AIM OF THE EXERCISE:
All lines below starting at the one that holds "MERCEDES-BENZ E-CLASS 2.0" and ending at the one that holds "今後は、東京高速道路(KK線" should be printed exactly, ends included. Pictures should not be printed, nor anything else.
[[ SOURCE RECORDS, beginning ]]
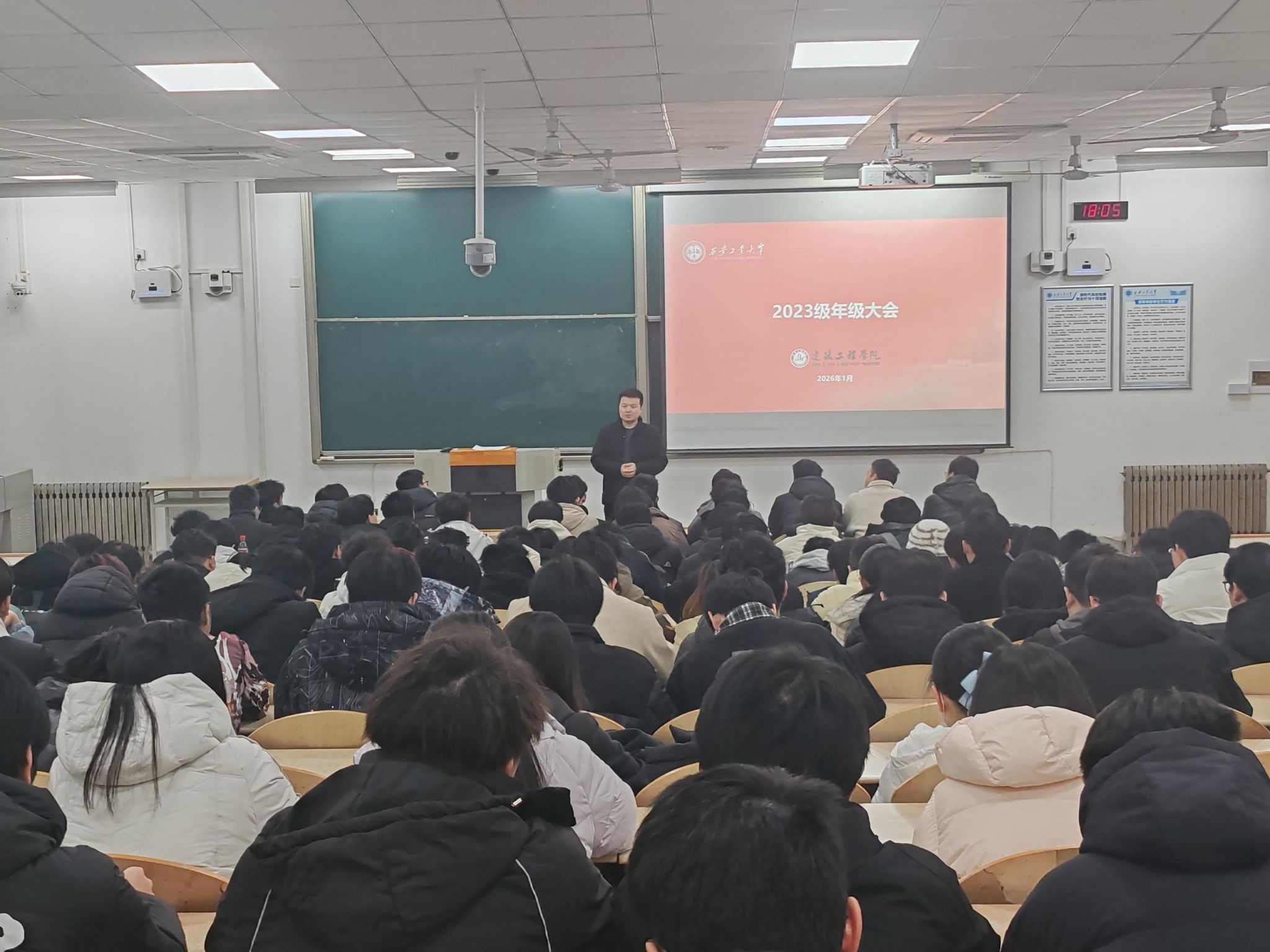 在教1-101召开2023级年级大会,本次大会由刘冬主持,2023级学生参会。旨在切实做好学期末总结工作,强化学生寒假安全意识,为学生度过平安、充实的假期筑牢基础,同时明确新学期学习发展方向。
[[ SOURCE RECORDS, end ]]
[[ SOURCE RECORDS, beginning ]]
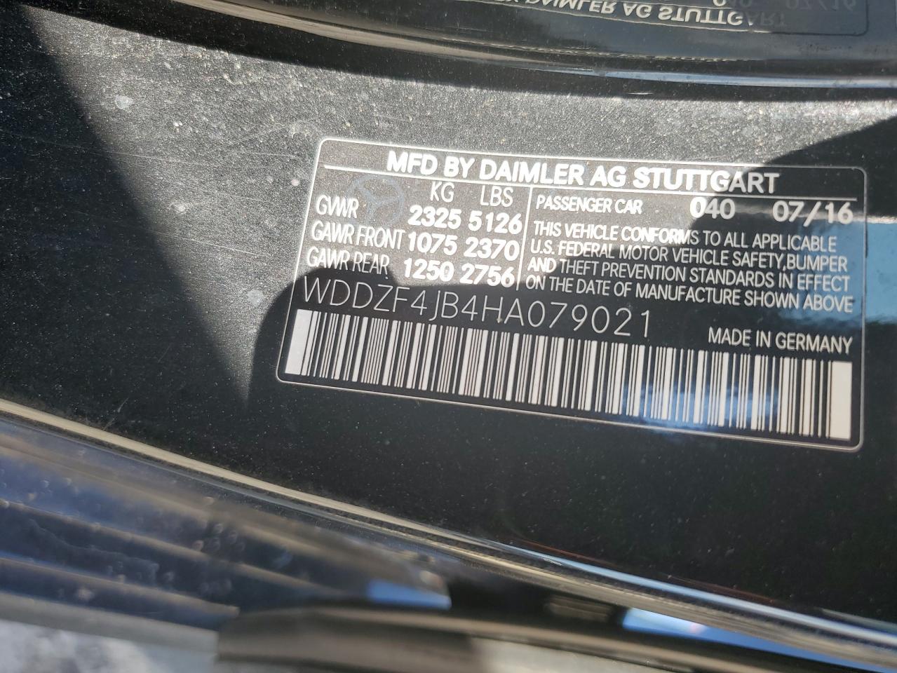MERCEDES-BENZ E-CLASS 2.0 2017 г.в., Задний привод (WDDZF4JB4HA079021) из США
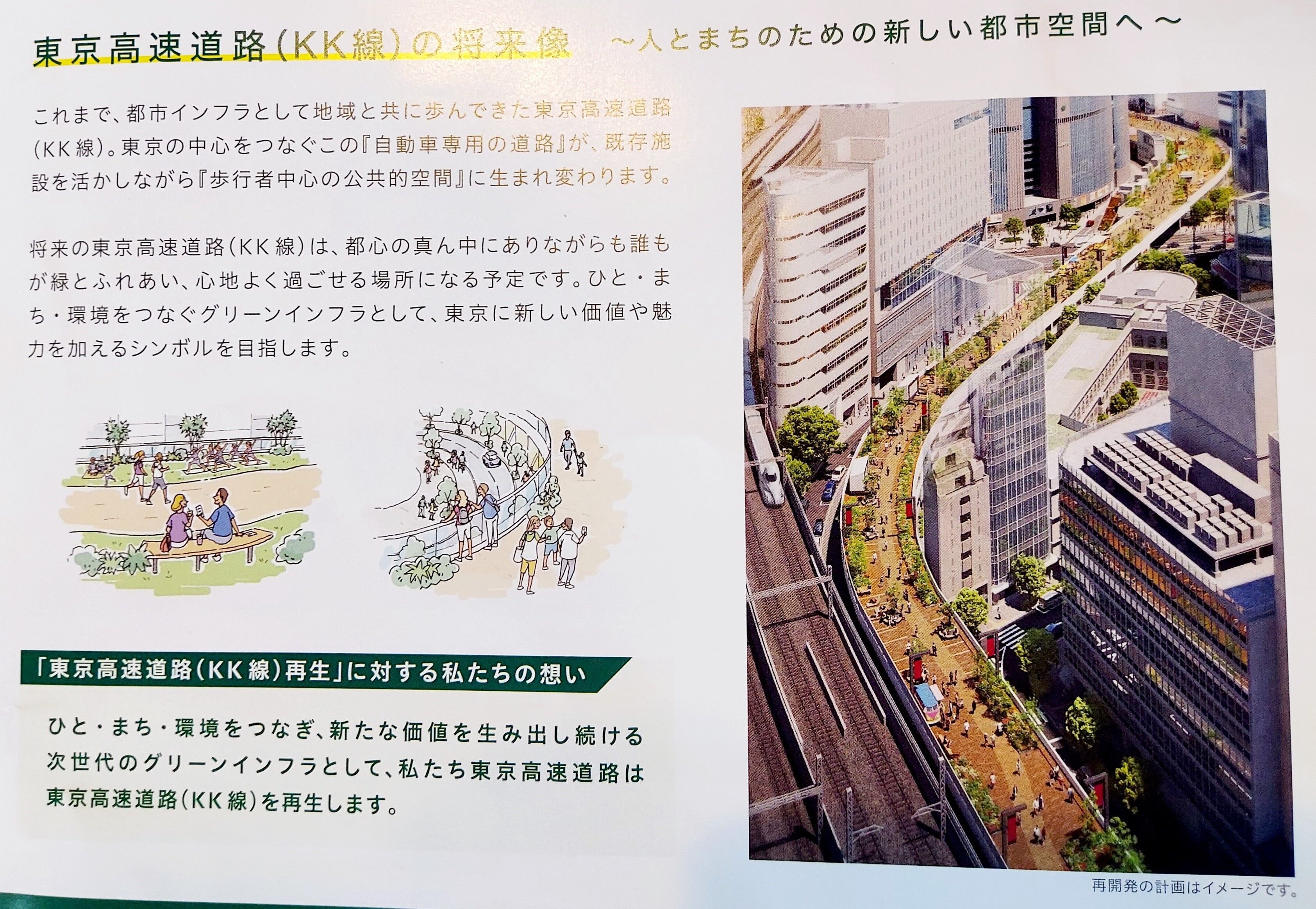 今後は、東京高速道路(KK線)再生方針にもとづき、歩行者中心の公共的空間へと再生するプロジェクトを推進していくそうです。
[[ SOURCE RECORDS, end ]]
EXERCISE ANSWER:
MERCEDES-BENZ E-CLASS 2.0 2017 г.в., Задний привод (WDDZF4JB4HA079021) из США
 今後は、東京高速道路(KK線)再生方針にもとづき、歩行者中心の公共的空間へと再生するプロジェクトを推進していくそうです。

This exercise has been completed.